Читаем Socol`ы отца народов полностью

У Володи Хрулева, в отличие от многих его сверстников, в том числе тех, кто делил с ним студенческую скамью, было то, что в народе называется «царь в голове». Его повышенная юношеская эмоциональность в одно время поставила под угрозу его будущее – когда сильно пьющий отец бросил семью, его как назло увлекла уличная жизнь со всеми ее элементами, включая хулиганство, дискотеки, кражи и поджоги автомобилей. Близка была та черта, перейдя которую почти все его однокашники в мгновение ока превратились в маргиналов. В отличие от них, Володя много читал и презирал такую жизнь – но именно его интеллект позволил ему презирать и жизнь обычную, мирскую, которой он и противопоставил свой протест. Горе от ума практически привело его к берегам Рубикона, однако, в этот момент тот же ум стал великим счастьем – он приказал ему остановиться, открыв для него существование еще одной жизни, о которой он не знал, жизни военной. Строгость и требовательность к индивидам, которых Володе так не хватало в окружающем его обществе, тут цвели буйным цветом. Не то, чтобы он сам в них нуждался, но некое садистское удовольствие ему доставляло их применение к другим. Он считал всех на порядок ниже, глупее себя – возможно, небезосновательно, но вечная дилемма, сформулированная еще Достоевским – «Тварь я дрожащая или право имею?» – не давала покоя надменному Хрулеву. Иногда, в минуты бессонных ночей после тусовок он задумывался, не принадлежит ли он к какой-нибудь дворянской фамилии, отчего и живется ему среди «обычных» людей так нелегко. Но мысли эти скоро гнал от себя – они угнетали его, он предпочитал прятаться от них в увеселительных мероприятиях, коих полна была жизнь курсанта военно-учебного заведения.

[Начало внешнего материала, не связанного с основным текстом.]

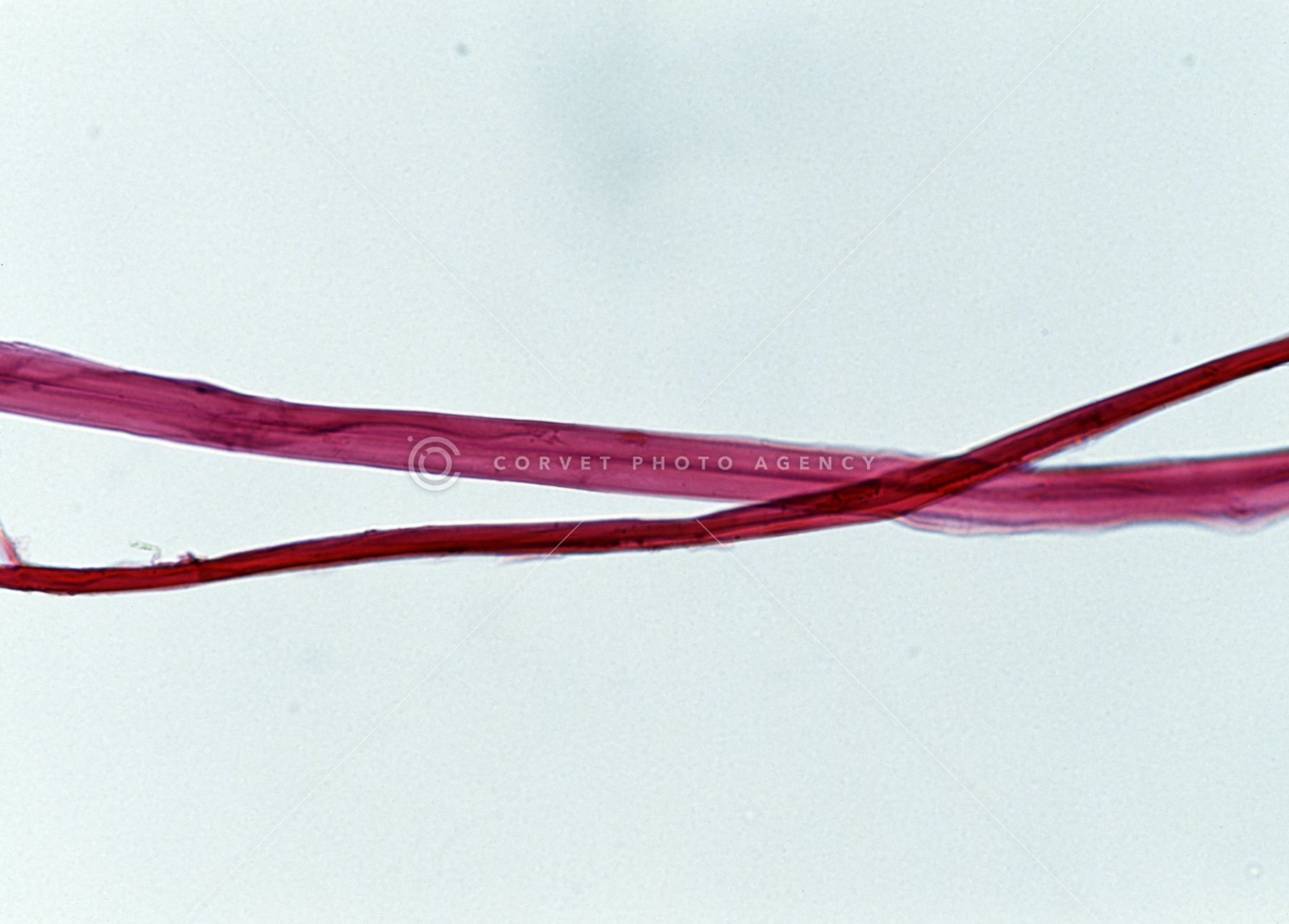 絹 繊維の形 側面 染色 顕微鏡倍率100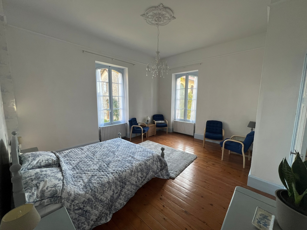 Nuestro alojamiento se encuentra en la ladera de Marmande a 3 minutos en coche del centro y a 2 minutos de un supermercado. Aparcamiento muy amplio. Remanso de paz situado en una granja vinícola del siglo XIX de una sola planta. Adosado a la de los propietarios, este alojamiento sigue siendo muy independiente. Netflix , canal+ , fibra de muy alta velocidad permite el teletrabajo Terraza cubierta ,2 dormitorios , cómodas camas 140, baño , wc , cocina retro con horno Espacio natural libre ,ping pong, piscina ,, animales

Следующим вошел тот самый Щербаков, о котором предыдущий визави Владимирова и говорил. Вертлявый, дерганый, неуверенный в себе и оттого старающийся показаться лучше, чем он есть на самом деле.

–Здрасьте.

–Здравствуйте, присаживайтесь. Я хочу поговорить с вами об…

–…об Осипове, я знаю.

–Отлично. Вы близко общались с ним, насколько нам известно, и потому можете сделать вывод относительно наличия или отсутствия у него планов касательно террористической деятельности.

–Конечно, были. Я вот, например, «Майн кампф» среди личных вещей не держу. И потом – зачем ему нужен этот план казармы? Не иначе, заминировать хотел…

–А вот ваш товарищ Хрулев, например, считает иначе.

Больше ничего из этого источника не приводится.